The AI industry is obsessed with Chatbot Arena, but it might not be the best benchmark

Over the past few months, tech execs like Elon Musk have touted the performance of their company's AI models on a particular benchmark: Chatbot Arena.

Maintained by a nonprofit known as LMSYS, Chatbot Arena has become something of an industry obsession. Posts about updates to its model leaderboards garner hundreds of views and reshares across Reddit and X, and the official LMSYS X account has over 54,000 followers. Millions of people have visited the organization's website in the last year alone.

Still, there are some lingering questions about Chatbot Arena's ability to tell us how "good" these models really are.

In search of a new benchmark

Before we dive in, let's take a moment to understand what LMSYS is exactly, and how it became so popular.

The nonprofit only launched last April as a project spearheaded by students and faculty at Carnegie Mellon, UC Berkeley's SkyLab and UC San Diego. Some of the founding members now work at Google DeepMind, Musk's xAI and Nvidia; today, LMSYS is primarily run by SkyLab-affiliated researchers.

LMSYS didn't set out to create a viral model leaderboard. The group's founding mission was making models (specifically generative models à la OpenAI's ChatGPT) more accessible by co-developing and open sourcing them. But shortly after LMSYS' founding, its researchers, dissatisfied with the state of AI benchmarking, saw value in creating a testing tool of their own.

"Current benchmarks fail to adequately address the needs of state-of-the-art [models], particularly in evaluating user preferences," the researchers wrote in a technical paper published in March. "Thus, there is an urgent necessity for an open, live evaluation platform based on human preference that can more accurately mirror real-world usage."

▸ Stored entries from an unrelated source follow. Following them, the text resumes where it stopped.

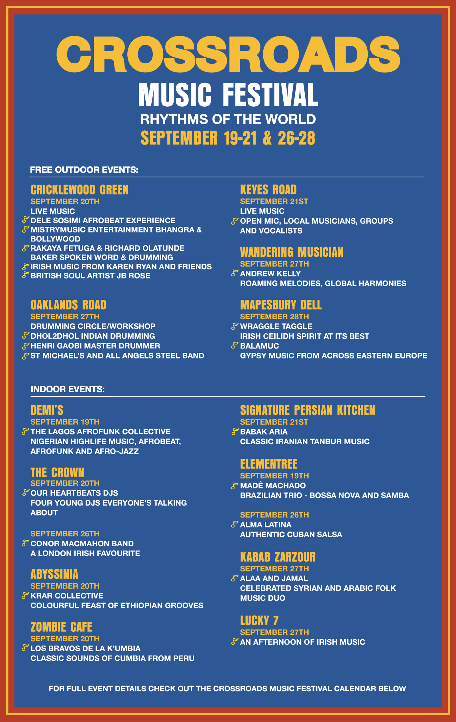 Cricklewood Town Team and Crossroads Productions are delighted to present the Crossroads Music Festival – a vibrant celebration of grassroots music that showcases the rich cultural diversity of our local community. This exciting festival brings together talented artists and music lovers to honour the authentic sounds and musical history that make Cricklewood special.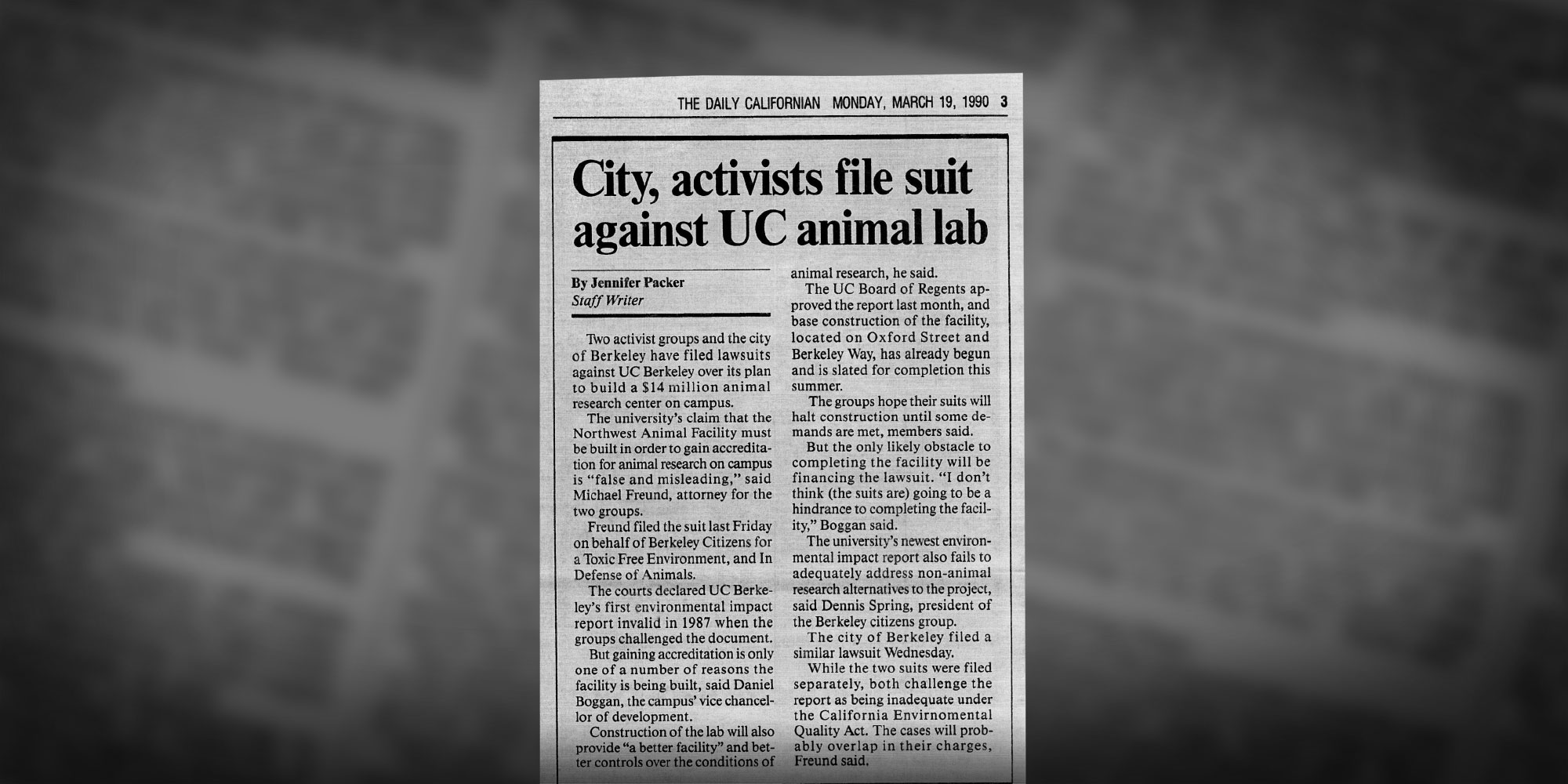 1990 – A lawsuit was filed on behalf of several groups, including Berkeley Citizens for a Toxic Free Environment challenging the University of California's plans to construct an animal research facility. This case settled for environmental remediation measures.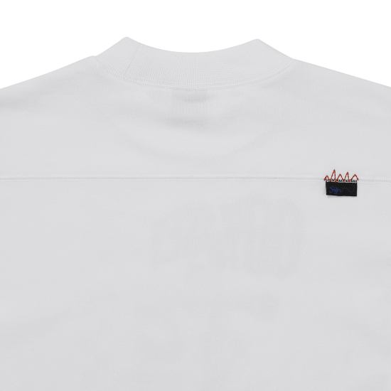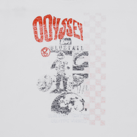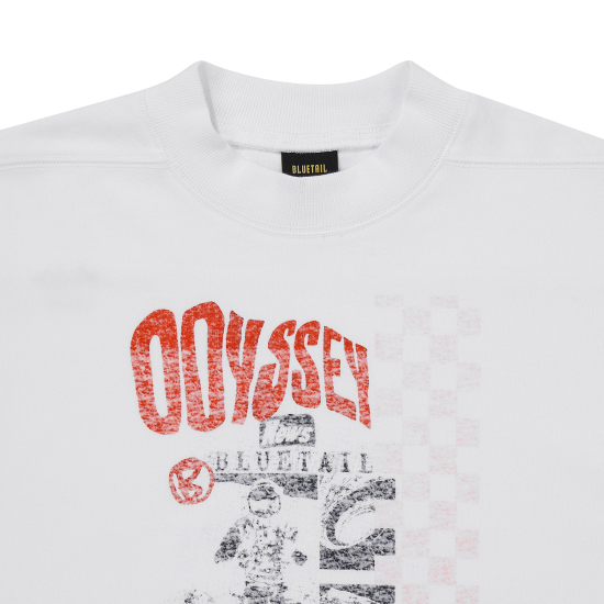 클린한 화이트 컬러 기모 티셔츠입니다. 상동과 어깨가 넓지 않은 세미 슬림핏으로 제안하여 레이어드에도 용이한 아이템입니다. 살짝 올라온 넥으로 제안하여 따뜻하게 감싸며 답답하지 않게 제안했습니다.앞판에 오디세이와 우주에 관련된 뉴스 나염을 빈티지하면서도 감각적인 윈터 파스텔 컬러로 표현하였습니다.

Indeed, as we’ve written before, the most commonly used benchmarks today do a poor job of capturing how the average person interacts with models. Many of the skills the benchmarks probe for — solving PhD-level math problems, for example — will rarely be relevant to the majority of people using, say, Claude.

LMSYS' creators felt similarly, and so they devised an alternative: Chatbot Arena, a crowdsourced benchmark designed to capture the "nuanced" aspects of models and their performance on open-ended, real-world tasks.

LMSYS
The Chatbot Arena rankings as of early September 2024.Image Credits:LMSYS

Chatbot Arena lets anyone on the web ask a question (or questions) of two randomly selected, anonymous models. Once a person agrees to the ToS allowing their data to be used for LMSYS' future research, models and related projects, they can vote for their preferred answers from the two dueling models (they can also declare a tie or say "both are bad"), at which point the models' identities are revealed.